Такими горькими словами заключил генерал Мирасен свою речь.
Но Аристиль Дессен, еще не остыв от недавнего спора, не пожелал признать себя побежденным. Вопреки своему обыкновению, он разразился вдруг гневной тирадой против нашей столетней феодальной войны:
– ...Если страна доведена сейчас до крайности и ее захватили «белые мериканы», – в этом виноваты вы, генералы! Только вы одни и виноваты, вы, с вашими оркестрами, с вашими саблями, револьверами, палками и мародерством, с вашими кокардами, нашивками и прочей мишурой!.. Вы – совсем как дурачок из сказки. Хотели родную мать в горяченькой водице искупать – да и сварили ее заживо. Смотрите, как она корчится, и радуетесь: «Поглядите, мол, как наша матушка довольна!.. Матушка смеется в ванне!» Ведь вы убили страну, черт вас дери!..
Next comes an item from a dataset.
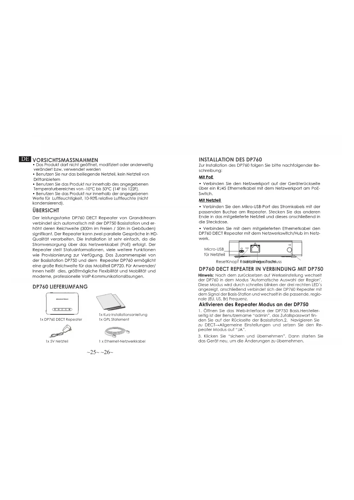 - Benutzen Sie das Produkt nur innerhalb der angegebenen Werte für Luftfeuchtigkeit, 10-90% relative Luftfeuchte (nicht kondensierend). DP760 LIEFERUMFANG 1 x Ethernet-Netzwerkkabel1x DP760 DECT Repeater1x 5V Netzteil1x Kurz-Installationsanleitung1x GPL Statement ÜBERSICHT Der leistungsstarke DP760 DECT Repeater von Grandstream verbindet sich automatisch mit der DP750 Basisstation und er- höht deren Reichweite (300m im Freien / 50m in Gebäuden) signifikant. Der Repeater kann zwei parallele Gespräche in HD- Qualität verarbeiten. Die Installation ist sehr einfach, da die Stromversorgung über das Netzwerkkabel (PoE) erfolgt. Der Repeater stellt Statusinformationen, viele weitere Funktionen wie Provisionierung zur Verfügung. Das Zusammenspiel von der Basisstation DP750 und dem Repeater DP760 ermöglicht eine große Reichweite für das Mobilteil DP720. Für Anwender/ Innen heißt dies, größtmögliche Flexibilität und Mobilität und moderne, professionelle VoIP-Kommunikationslösungen.

– Что? Что ты сказал?.. Послушай, Дессен, хоть и говорят, что ты человек гнутый[46]46
«Гнутый» человек – человек неуязвимый (прим. автора).
[Закрыть], но – разрази меня гром! – ты еще не знаешь генерала Мирасена! Как ты смеешь оскорблять меня?! Да еще в моем же собственном доме!..
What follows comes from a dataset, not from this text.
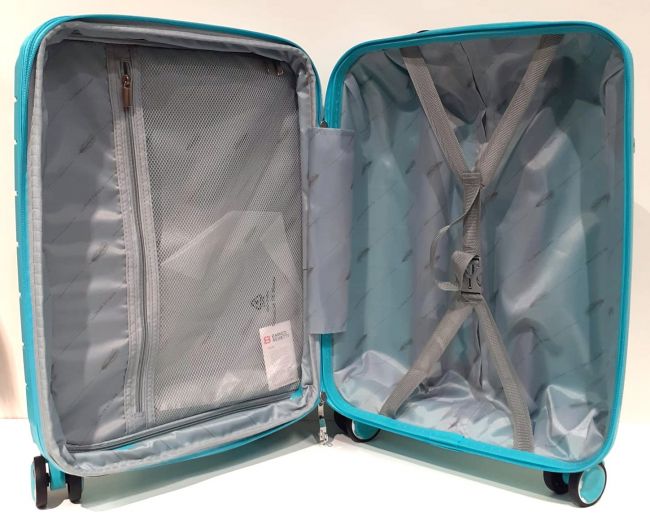 Matkalaukun sisällä on vetoketjulla suljettava tilanjakaja/väliseinä, jossa on tilava vetoketjutasku sekä henkselikiinnitys toisella puolella laukkua. Matkalaukussa on lisäksi vetoketjulla avattava laajennusosa.

Еще немного – и дело дошло бы до драки. Лишь соединенными усилиями присутствующих удалось утихомирить противников. Откровенно говоря, оба и сами уж не рады были, что затеяли спор. Они украдкой поглядывали друг на друга и искали лишь предлога для примирения. Как раз в этот миг появился Буа-д’Орм Летиро, главный жрец. Это был сгорбленный, морщинистый старик, но шел он твердым шагом, опираясь на толстую палку камедного дерева. Все почтительно умолкли. Генерал Мирасен встал, взял его за руку и подвел к табуретке, поспешно пододвинутой кем-то из гостей.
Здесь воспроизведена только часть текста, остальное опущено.